- Born: 30 September 1931 Hāwera, New Zealand
- Died: 11 November 1994 (aged 63)
- Education: University of St Andrews

= Geoffrey Duncan Chisholm =

British urologist (1931–1994)

Geoffrey Duncan Chisholm, CBE, FRCS, MRCS (30 September 1931 – 10 November 1994) was a New Zealand-born, British urologist. He made extensive advances in renal x-rays. He was also a strong advocate of kidney transplants, promoting the advantages of live donors.

==Life==
Chisholm was born of Scots descent in Hāwera in New Zealand, on 30 September 1931, the son of Ellen Marion Friston and Sedman Arthur Chisholm, manager of the New Zealand Meat Board.

Chisholm was educated first at Scots College, Wellington and then went to the UK with his parents to live in London around 1946, and completed his studies at Malvern College. Chisholm then received a place at the University of St Andrews graduating with an MB ChB in 1955. As a medical student this also included much time at the Medical School in Dundee.

Chisholm returned to London soon after graduating and began specialising in urological subjects with a strong academic component. In 1961, Chisholm began a three-year period of work and study in the US, under a Medical Foundation Travelling Fellowship, beginning at the Brady Urological Institute and then moving to Johns Hopkins Hospital in Baltimore before finally ending in the White Memorial Hospital in Los Angeles. Here he learned further specialisation on surgery concerning the prostate.

On returning to the UK, Chisholm took up the post of Consultant Urologist at Hammersmith Hospital. In 1972, Chisholm returned to Scotland as a lecturer the University of Edinburgh, becoming a full Professorship in 1977, replacing the recently retired Sir Michael Woodruff. He also began surgery at Edinburgh's Western General Hospital.
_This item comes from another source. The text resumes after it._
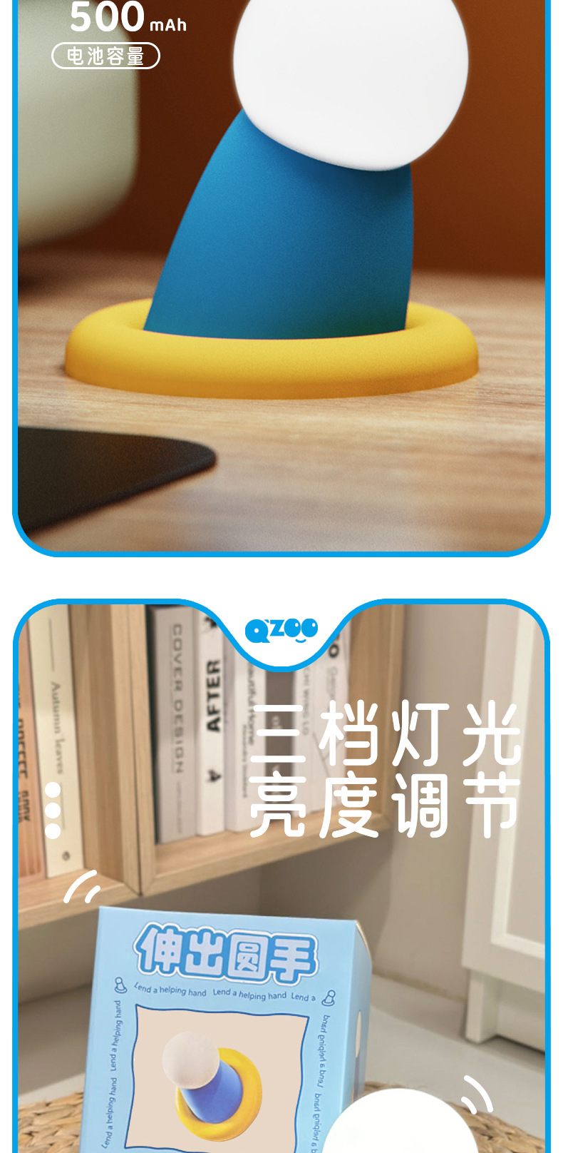可爱伸出圆手小夜灯硅胶拍拍灯 磁吸冰箱贴台灯桌面摆件 充电款卧室氛围灯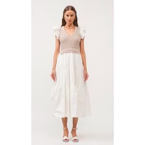 Anthropologie Sofie the Label Clover Mixed Knit Flutter Sleeve Midi Dress, S

In 1979 Chisholm was elected a member of the Harveian Society of Edinburgh and served as President in 1992.

In 1988, Chisholm was elected President of the Royal College of Surgeons of Edinburgh. He was appointed a Commander of the Most Excellent Order of the British Empire (CBE) in the 1992 Birthday Honours. In 1994 he was elected a Fellow of the Royal Society of Edinburgh, his main proposer being Sir Michael Woodruff.

Chisholm died of a tumour in Edinburgh on 10 November 1994.

==Publications==
Chisholm was editor of the British Journal of Urology from 1977 and also editor of the Proceedings of the Royal Society of Medicine.
- Scientific Foundations of Urology (three editions)
- Clinical Practice in Urology
- Tutorials in Postgraduate Medicine (Urology)

==Family==

He married Angela Jane Holden in 1962. He had met her in Hammersmith when she was working as a biochemist in the Department of Surgery.

==Artistic recognition==

Chisholm portrait, painted in 1959 by Victoria Crowe, hangs in the Royal College of Surgeons of Edinburgh.